§ Exercise material
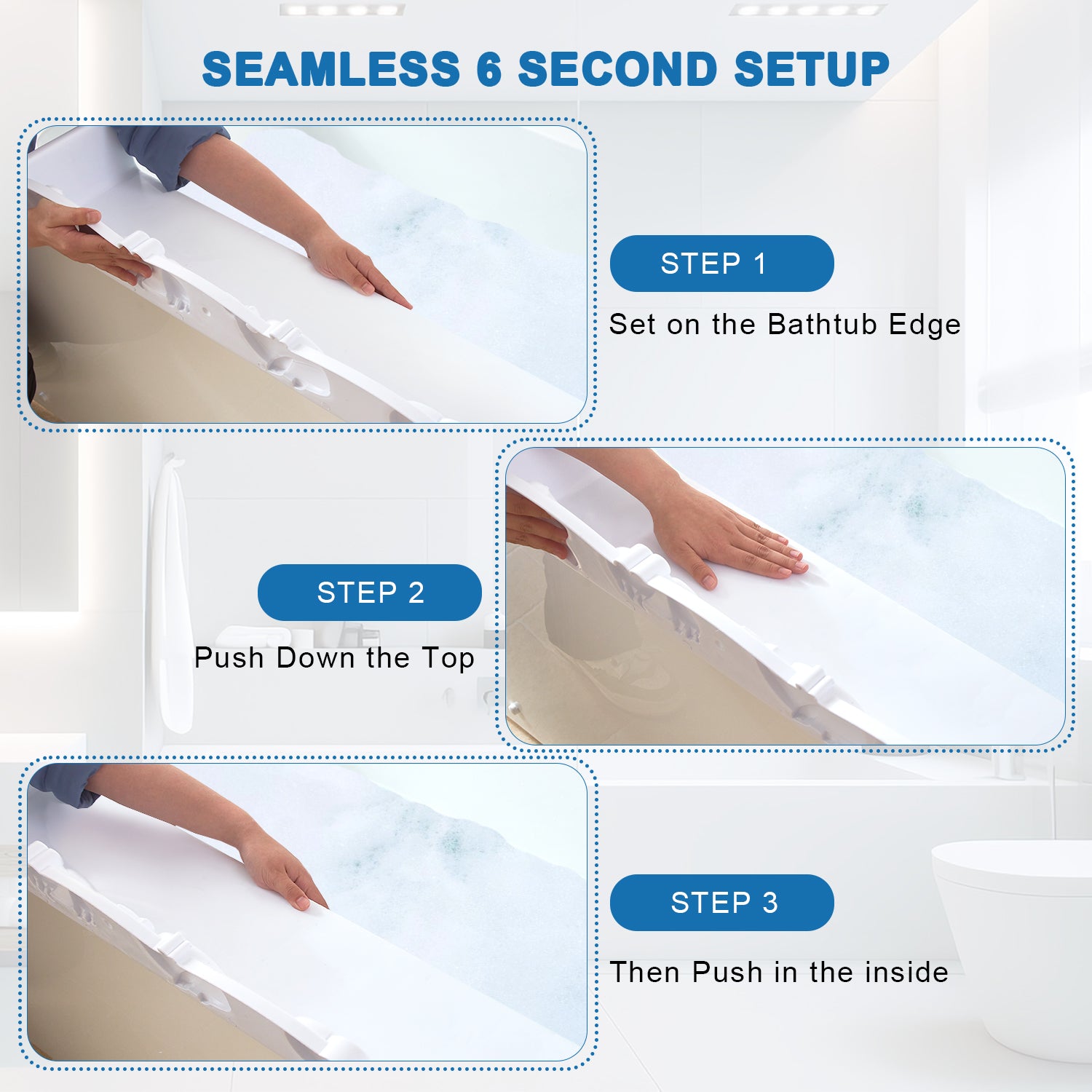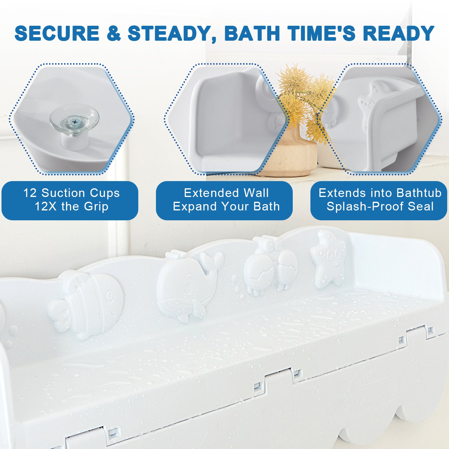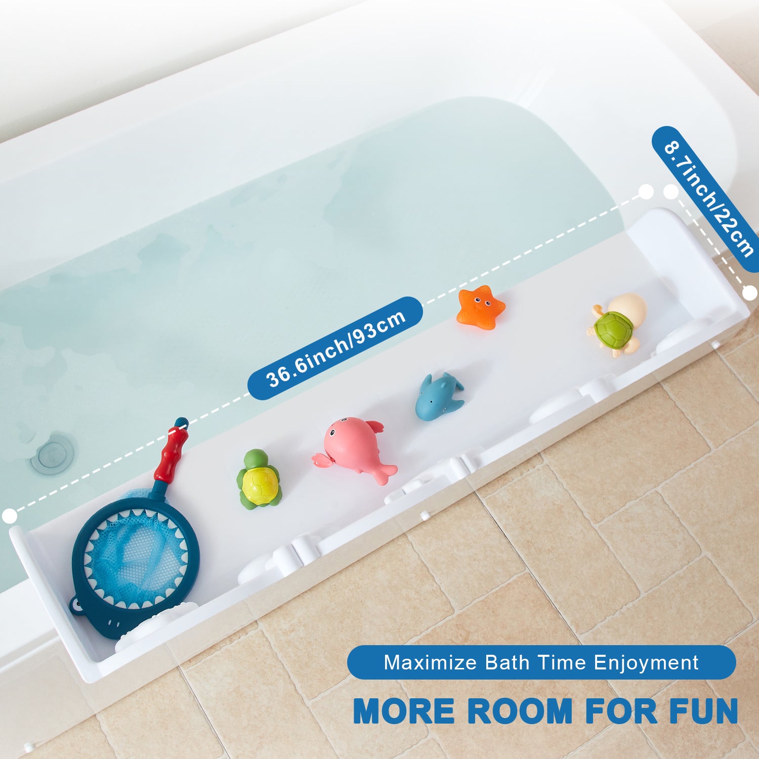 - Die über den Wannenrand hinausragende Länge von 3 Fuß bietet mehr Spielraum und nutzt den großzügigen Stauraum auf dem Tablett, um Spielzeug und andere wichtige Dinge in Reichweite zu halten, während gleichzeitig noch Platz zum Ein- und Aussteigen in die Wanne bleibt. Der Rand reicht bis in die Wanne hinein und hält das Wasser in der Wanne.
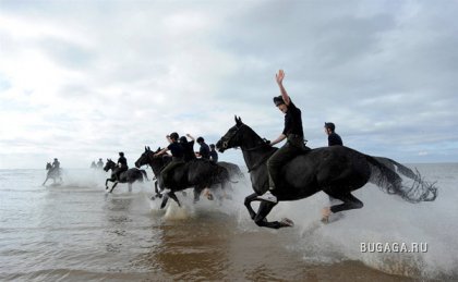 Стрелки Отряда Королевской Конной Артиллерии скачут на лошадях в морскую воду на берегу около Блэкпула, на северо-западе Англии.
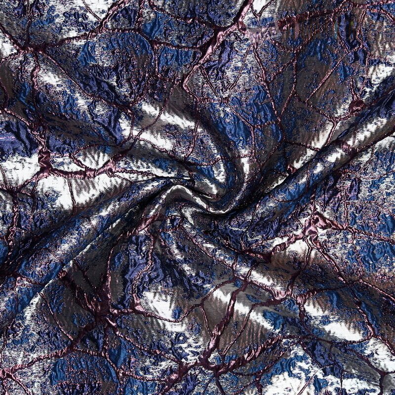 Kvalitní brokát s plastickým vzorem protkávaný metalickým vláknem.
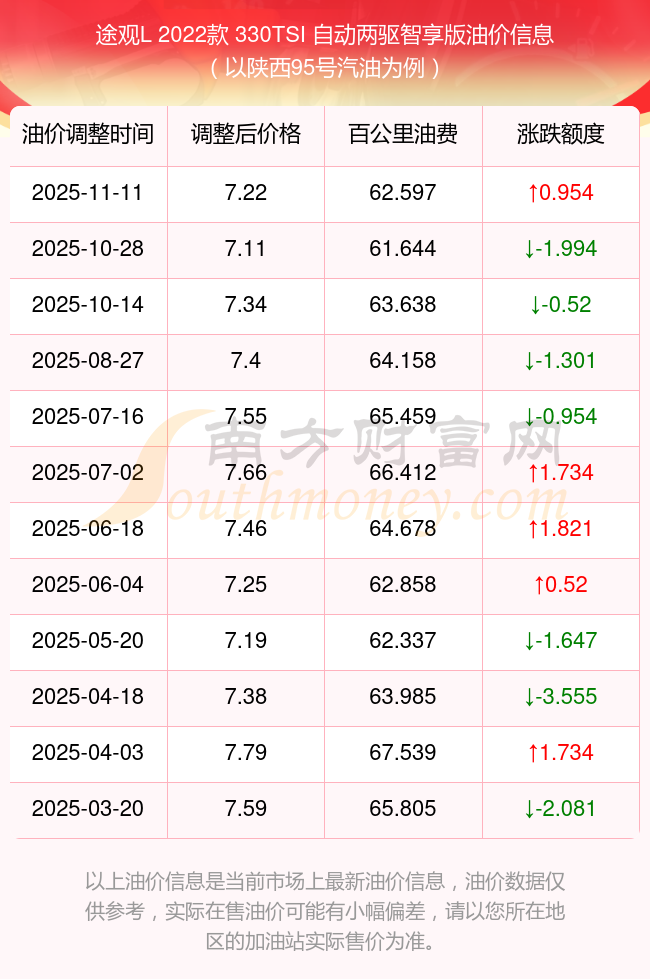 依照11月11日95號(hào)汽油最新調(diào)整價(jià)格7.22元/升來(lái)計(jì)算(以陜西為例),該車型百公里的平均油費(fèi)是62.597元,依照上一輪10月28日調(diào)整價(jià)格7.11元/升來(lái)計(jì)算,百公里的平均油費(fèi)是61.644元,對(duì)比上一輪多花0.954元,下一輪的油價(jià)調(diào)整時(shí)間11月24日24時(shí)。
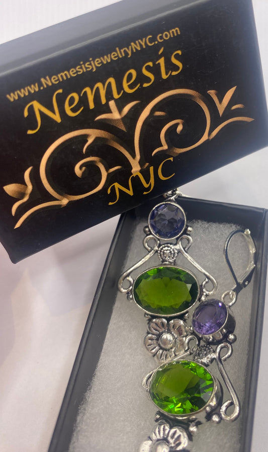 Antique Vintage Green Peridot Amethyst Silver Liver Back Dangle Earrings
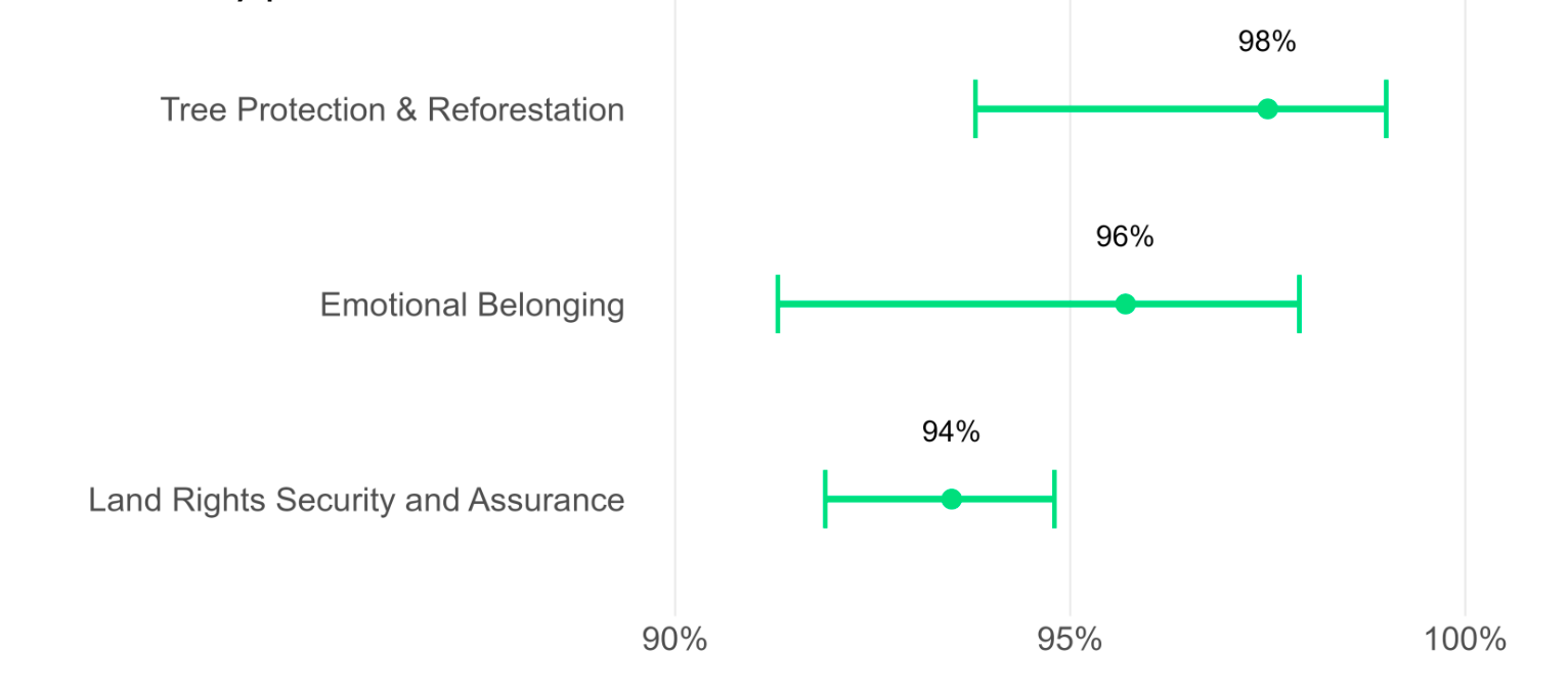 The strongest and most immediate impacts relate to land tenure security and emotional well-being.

§ Work required
Copy the lines above between the one holding "Стрелки Отряда Королевской" and the one holding "Antique Vintage Green", inclusive. Drop the pictures.

§ Result
 Стрелки Отряда Королевской Конной Артиллерии скачут на лошадях в морскую воду на берегу около Блэкпула, на северо-западе Англии.
 Kvalitní brokát s plastickým vzorem protkávaný metalickým vláknem.
 依照11月11日95號(hào)汽油最新調(diào)整價(jià)格7.22元/升來(lái)計(jì)算(以陜西為例),該車型百公里的平均油費(fèi)是62.597元,依照上一輪10月28日調(diào)整價(jià)格7.11元/升來(lái)計(jì)算,百公里的平均油費(fèi)是61.644元,對(duì)比上一輪多花0.954元,下一輪的油價(jià)調(diào)整時(shí)間11月24日24時(shí)。
 Antique Vintage Green Peridot Amethyst Silver Liver Back Dangle Earrings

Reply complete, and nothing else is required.